Users can upload data to their decentralized data market and then use a special mechanism to prove ownership of the data ("confirmation"). This data can be used to train AI, and users are rewarded based on the quality of the data.
Sahara AI includes a four-layer architecture of application, transaction, data and execution, providing a strong foundation for the development of the AI ecosystem.
Application layer: Provides tools such as secure vaults, decentralized AI data marketplaces, no-code toolkits, and Sahara ID. These tools ensure data privacy and promote fair compensation for users, and further simplify the process of creating and deploying AI applications.
To put it simply, the vault uses advanced encryption technology to ensure the security of AI data; the decentralized AI data market can be used for data collection, annotation and transformation, promoting innovation and fair transactions; no-code tools The package makes the development of AI applications easier; Sahara ID is responsible for managing user reputation and ensuring trust.
Transaction layer: Sahara blockchain uses the Proof of Stake (PoS) consensus mechanism to ensure the efficiency and stability of the network, allowing consensus to be reached even in the presence of malicious nodes. In addition, Sahara’s native pre-compilation function is specially designed to optimize AI processing and can be directly used in the blockchain environment.Perform efficient calculations and improve system performance.
Data layer: manages data on and off the chain. On-chain data handles untraceable operations and attribute records to ensure credibility and transparency; off-chain data handles large data sets and uses Merkle Tree and zero-knowledge proof technology to ensure data integrity and security to prevent data duplication and tamper.
Execution layer: Abstracts the operations of vaults, AI models, and AI applications, supporting various AI training, inference, and service paradigms.
The entire four-layer architecture not only ensures the security and scalability of the system, but also embodies Sahara AI's long-term vision of promoting the collaborative economy and AI development, aiming to revolutionize AI technology. application model to bring more innovative and fair solutions to users.
ConclusionWith the continuous advancement of AI technology and the rise of the encryption market, we are standing on the threshold of a new era.

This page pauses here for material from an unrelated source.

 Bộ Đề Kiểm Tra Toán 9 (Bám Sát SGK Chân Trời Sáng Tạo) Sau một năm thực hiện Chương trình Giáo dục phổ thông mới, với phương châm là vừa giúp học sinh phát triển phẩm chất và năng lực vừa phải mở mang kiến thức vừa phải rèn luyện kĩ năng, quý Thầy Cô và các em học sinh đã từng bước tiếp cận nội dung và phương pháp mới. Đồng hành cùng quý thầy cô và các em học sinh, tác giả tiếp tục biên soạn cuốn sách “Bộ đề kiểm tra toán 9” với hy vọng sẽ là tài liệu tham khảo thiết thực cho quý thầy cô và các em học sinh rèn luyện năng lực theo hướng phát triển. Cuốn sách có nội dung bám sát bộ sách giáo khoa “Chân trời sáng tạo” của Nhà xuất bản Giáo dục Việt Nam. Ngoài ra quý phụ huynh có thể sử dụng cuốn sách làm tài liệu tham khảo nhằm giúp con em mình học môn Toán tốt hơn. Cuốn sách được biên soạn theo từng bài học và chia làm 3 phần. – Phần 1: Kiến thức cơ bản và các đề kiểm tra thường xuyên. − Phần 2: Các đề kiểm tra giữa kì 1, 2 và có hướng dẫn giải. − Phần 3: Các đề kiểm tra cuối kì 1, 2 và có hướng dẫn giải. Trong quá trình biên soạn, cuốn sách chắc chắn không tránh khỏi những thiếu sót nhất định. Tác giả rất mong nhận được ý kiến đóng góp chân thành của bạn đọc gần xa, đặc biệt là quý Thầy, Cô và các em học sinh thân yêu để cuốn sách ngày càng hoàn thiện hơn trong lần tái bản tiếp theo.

As large AI models and applications continue to emerge, the demand for computing power is also growing exponentially. However, the scarcity of computing power and rising costs are a huge challenge for many small and medium-sized enterprises. Fortunately, decentralized solutions, especially Hyperbolic, Aethir, and IO.NET, provide AI startups with new ways to obtain computing power, reduce costs, and increase efficiency.
At the same time, we also see the importance of data in the development of AI. Data is not only the food of AI, but also the key to promoting the implementation of AI applications. Projects such as PIN AI and Sahara provide powerful data support for the development of AI by motivating the network and encouraging users to participate in data collection and sharing.

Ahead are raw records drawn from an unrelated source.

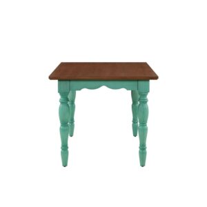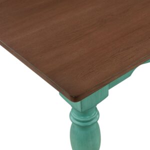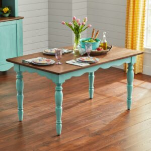 Gather friends and family around The Pioneer Woman Teal Dining Table. It features a traditional design with a light brown table top and a teal base that will add farmhouse flair to your home. With a sturdy wood construction, this dining table can comfortably seat six people for meals and family game nights. It will make a wonderful addition to your dining room, kitchen, or any room in your home. Mix and match this table with other furniture from The Pioneer Woman Collection. Add vintage-inspired style to your home with The Pioneer Woman Teal Dining Table.
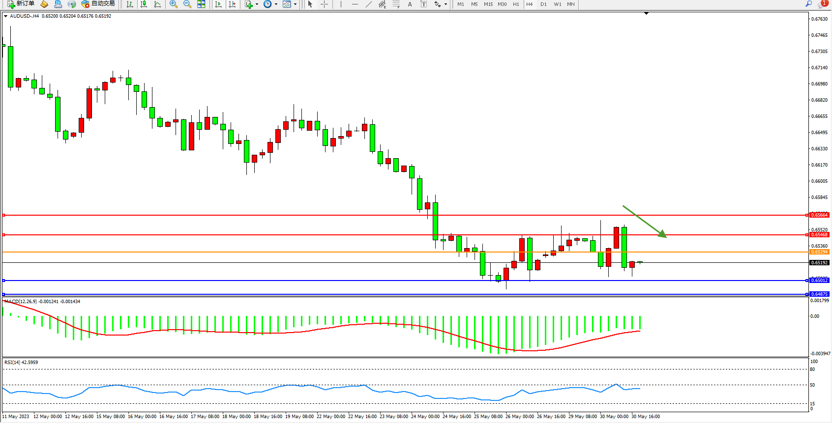 交易策略:0.65294下方看跌,目标0.65012  0.64875
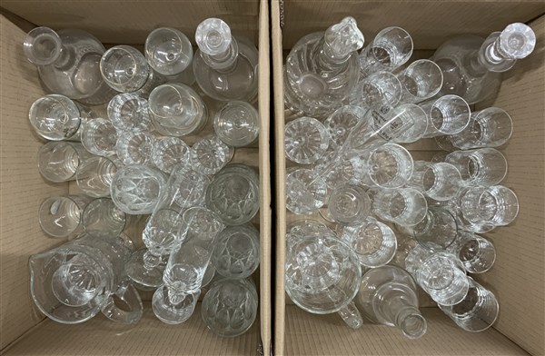 Due cartoni contenenti numerosi bicchieri in cristallo, alcune bottiglie e caraffe (difetti)
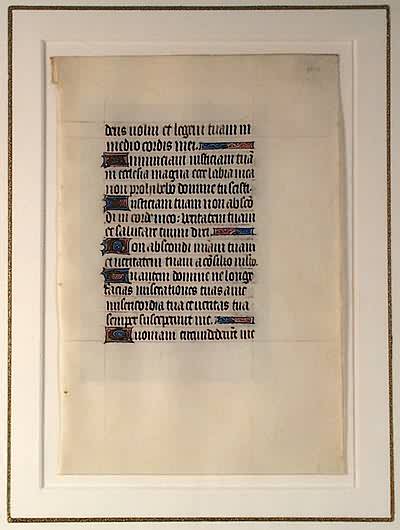 Original leaf from a late-medieval manuscript Book of Hours. 16 lines or red-ruled Latin text, with dark brown ink in Gothic textura script on animal vellum. Nine one-line initials and seven line-extenders in gold on blue and mauve ground with delicate white tracery.The one-line illuminated A” begins Psalm 39:10-15: “Adnuntiavi?”(I have declared thy justice in a great church, lo, I will not restrain my lips?Thou art my helper and my protector: O my God, be not slack).Book of Hours are personal prayer books of a devout and status-conscious society and are not only works or art, but also cultural documents of their time. They reveal a unique combination of sacred and secular imagery – made of the finest materials, by the best craftsmen, for a small audience that could both appreciate and afford them.
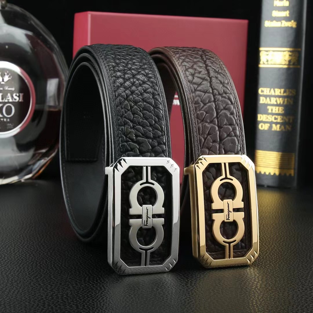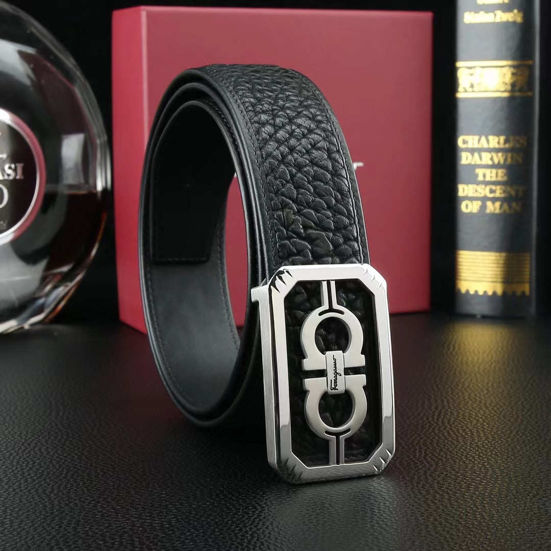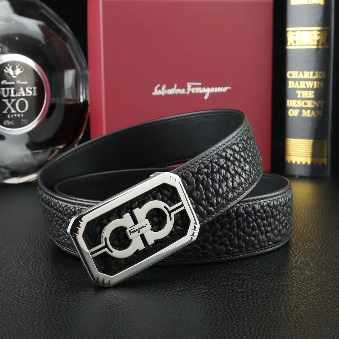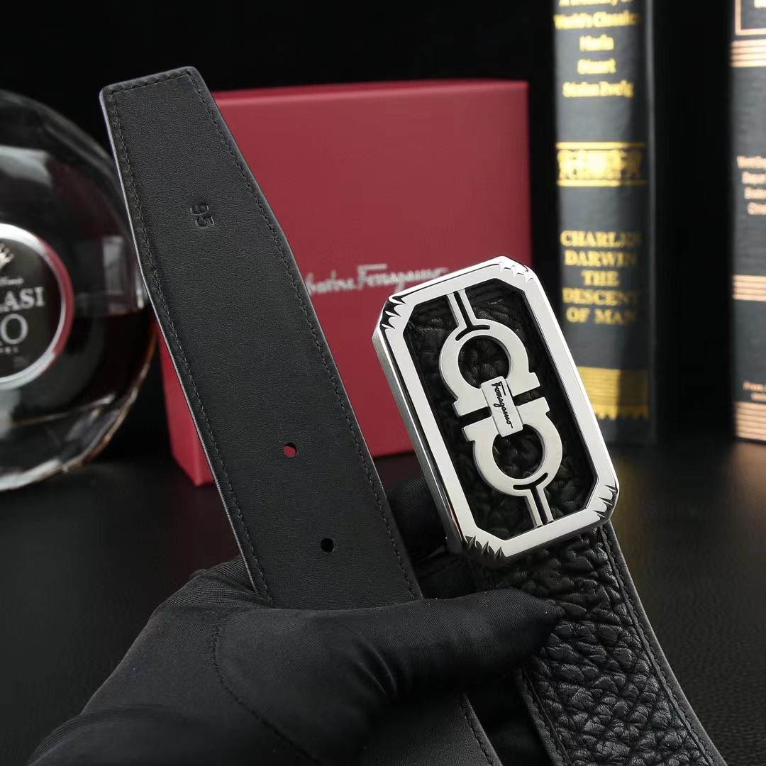 FERRAGAMO 菲拉格慕 3.8cm 野牛皮平滑扣
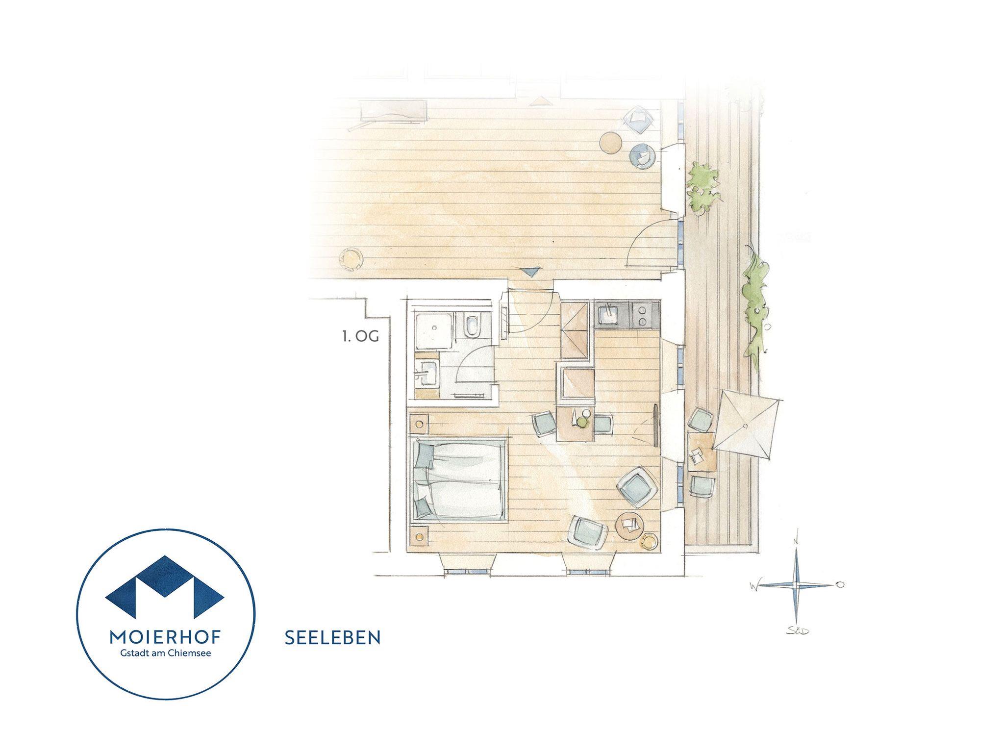 Die wohnliche 5-Sterne-Ferienwohnung „Seeleben“ auf der Süd-Seite im ersten Obergeschoss des Wohngebäudes empfängt Dich mit ihrem harmonischen Ambiente. Auf kleinem Raum ist ein feines Urlaubszuhause für bis zu zwei Personen entstanden. Die mit viel Echtholz bis ins kleinste Detail durchdachte Einrichtung lässt keine Wünsche offen und sorgt mit dezenten Lichtelementen für ein echtes Wohlgefühl. Das moderne Badezimmer rundet die Ausstattung der Ferienwohnung ab. Vom großen Ost-Balkon aus kannst Du den Blick ins Grüne genießen und an der frischen Luft neue Kraft tanken.

Computing power and data are not just training links. For AI applications, from data ingestion to production inference, each link requires the use of different tools to process massive data, and this is a process that is constantly repeated process.

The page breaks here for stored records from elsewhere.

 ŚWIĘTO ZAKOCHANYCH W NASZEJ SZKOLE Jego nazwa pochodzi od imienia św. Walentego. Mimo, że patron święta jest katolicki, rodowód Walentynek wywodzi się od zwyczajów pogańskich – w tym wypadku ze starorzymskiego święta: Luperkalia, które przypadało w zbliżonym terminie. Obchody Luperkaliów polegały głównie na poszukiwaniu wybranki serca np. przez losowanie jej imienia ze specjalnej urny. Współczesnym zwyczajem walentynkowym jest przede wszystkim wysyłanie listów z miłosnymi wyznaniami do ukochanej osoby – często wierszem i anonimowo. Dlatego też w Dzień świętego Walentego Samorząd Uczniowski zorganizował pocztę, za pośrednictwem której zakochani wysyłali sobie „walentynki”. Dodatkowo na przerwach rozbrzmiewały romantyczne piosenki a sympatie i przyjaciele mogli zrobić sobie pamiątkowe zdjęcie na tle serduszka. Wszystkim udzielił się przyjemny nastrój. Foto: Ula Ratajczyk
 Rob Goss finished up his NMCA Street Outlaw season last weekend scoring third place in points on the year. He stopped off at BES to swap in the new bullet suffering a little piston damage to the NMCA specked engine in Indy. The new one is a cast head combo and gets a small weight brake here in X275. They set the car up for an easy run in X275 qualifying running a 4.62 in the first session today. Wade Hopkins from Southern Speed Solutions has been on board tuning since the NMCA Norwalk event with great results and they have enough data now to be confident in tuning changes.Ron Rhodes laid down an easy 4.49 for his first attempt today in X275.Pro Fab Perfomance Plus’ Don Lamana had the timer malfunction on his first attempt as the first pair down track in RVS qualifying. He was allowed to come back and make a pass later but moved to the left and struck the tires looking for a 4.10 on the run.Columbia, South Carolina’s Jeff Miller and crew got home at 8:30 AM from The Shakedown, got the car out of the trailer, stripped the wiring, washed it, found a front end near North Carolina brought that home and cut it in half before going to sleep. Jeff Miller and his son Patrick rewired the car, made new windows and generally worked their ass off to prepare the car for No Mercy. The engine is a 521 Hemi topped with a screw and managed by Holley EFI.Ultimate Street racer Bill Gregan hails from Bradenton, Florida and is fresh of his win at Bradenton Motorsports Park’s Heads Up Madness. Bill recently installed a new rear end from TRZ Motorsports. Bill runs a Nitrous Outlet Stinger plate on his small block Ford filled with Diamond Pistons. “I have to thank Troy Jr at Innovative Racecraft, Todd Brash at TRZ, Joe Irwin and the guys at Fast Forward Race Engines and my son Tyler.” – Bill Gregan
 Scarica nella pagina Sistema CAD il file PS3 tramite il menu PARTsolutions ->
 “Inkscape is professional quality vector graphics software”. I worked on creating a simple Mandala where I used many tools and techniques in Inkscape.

In this intertwined world of AI and Crypto, we have reason to believe that we will witness the implementation of more innovative AI projects in the future. These projects will not only change our work and lifestyle, but also promote the entire society. Develop in a more intelligent and decentralized direction. As technology continues to advance and the market continues to mature, we look forward to the arrival of a more open, fair, and efficient AI era.